@matt we have been incrementally switching over from Redshift and have thus far gotten by with a single small warehouse for everything. However, we are basically at our limit there now and will need to break it out soon. So my first-hand experience is so far limited but my understanding of warehouses is you want to consider a few things:
-
The biggest cost with Snowflake is warehouse usage, which is dependent on a combination of the size of the warehouse and how many minutes it runs.
-
The bigger the warehouse, the faster things run. So it’s very possible a big query can be cheaper to run on a large warehouse than a small, because although a large warehouse costs more per minute to run, the query takes less time to run than on a small warehouse.
It’s recommended to configure a warehouse to auto-suspend. This will pause the warehouse after a specified period of inactivity (thus stop the billing).
For us, because of how Stitch loads data it is running a small warehouse almost 24/7, but not using the full capacity of the warehouse. So we have so far been able to get by with our dbt modeling and BI tool on the same warehouse without too much issue (thus minimizing our billing costs). However, we moved over some of our data science jobs and are pretty close to separating things out now.
What’s “best” is likely different for a lot of organizations. For example, if you have some data science models that run once a week that use a lot of compute, but infrequently, you may assign them their own XL warehouse, which you only get billed for when they run. If you have a lot of BI users and want to ensure they never compete with ingestion or data science computing you could give the BI tool it’s own warehouse.
However, if you give Stitch it’s own warehouse, and Segment it’s own warehouse, and Looker it’s own warehouse, and dbt it’s own warehouse, and Airflow it’s own warehouse, and the most any of these ever use is 20% of the compute capacity then you’ve probably over-optimized and are paying more than you need to.
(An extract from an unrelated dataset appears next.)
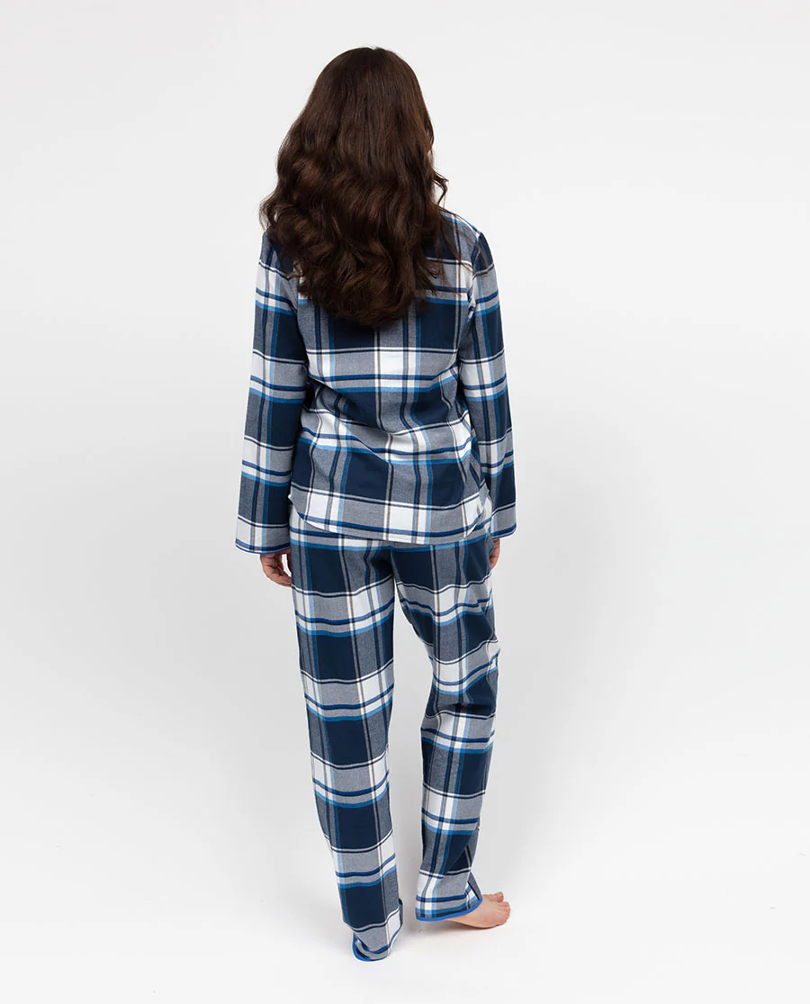 The kind of set that doesn’t spend much time in the laundry pile before you’ve raced to wear it again. The Frosty Brushed Check Pyjama Set brings together two cold-weather favourites: our soft-as-anything long sleeve top and straight-leg bottoms, both cut from 100% brushed cotton and finished with neat blue modal piping. The print? A navy mix check that combines classic patterns with modern styles. The top showcases a revere collar, shaped hem, and functional modal-covered buttons - a nod to your favourite blouses, just a lot more comfortable. The bottoms keep it easy with a flat front, elasticated back, adjustable tie, and side pockets for hands. Together, they make staying in feel like the best decision of the week. Add a hot drink, a slow morning, and a total lack of plans. Sounds like you’re good to go nowhere. Both pieces are available for individual purchase, letting you mix and match styles as you wish.

With that in mind, I think warehouse naming conventions are probably dependent on what you are assigning them to. I think what you have makes sense if you just want to make sure BI users aren’t impacted by ETL compute, and you can get by with a single warehouse for ETL compute. Warehouses are also pretty easy to create and delete and reassign so I think the consequences of warehouse naming conventions aren’t the same as with a database.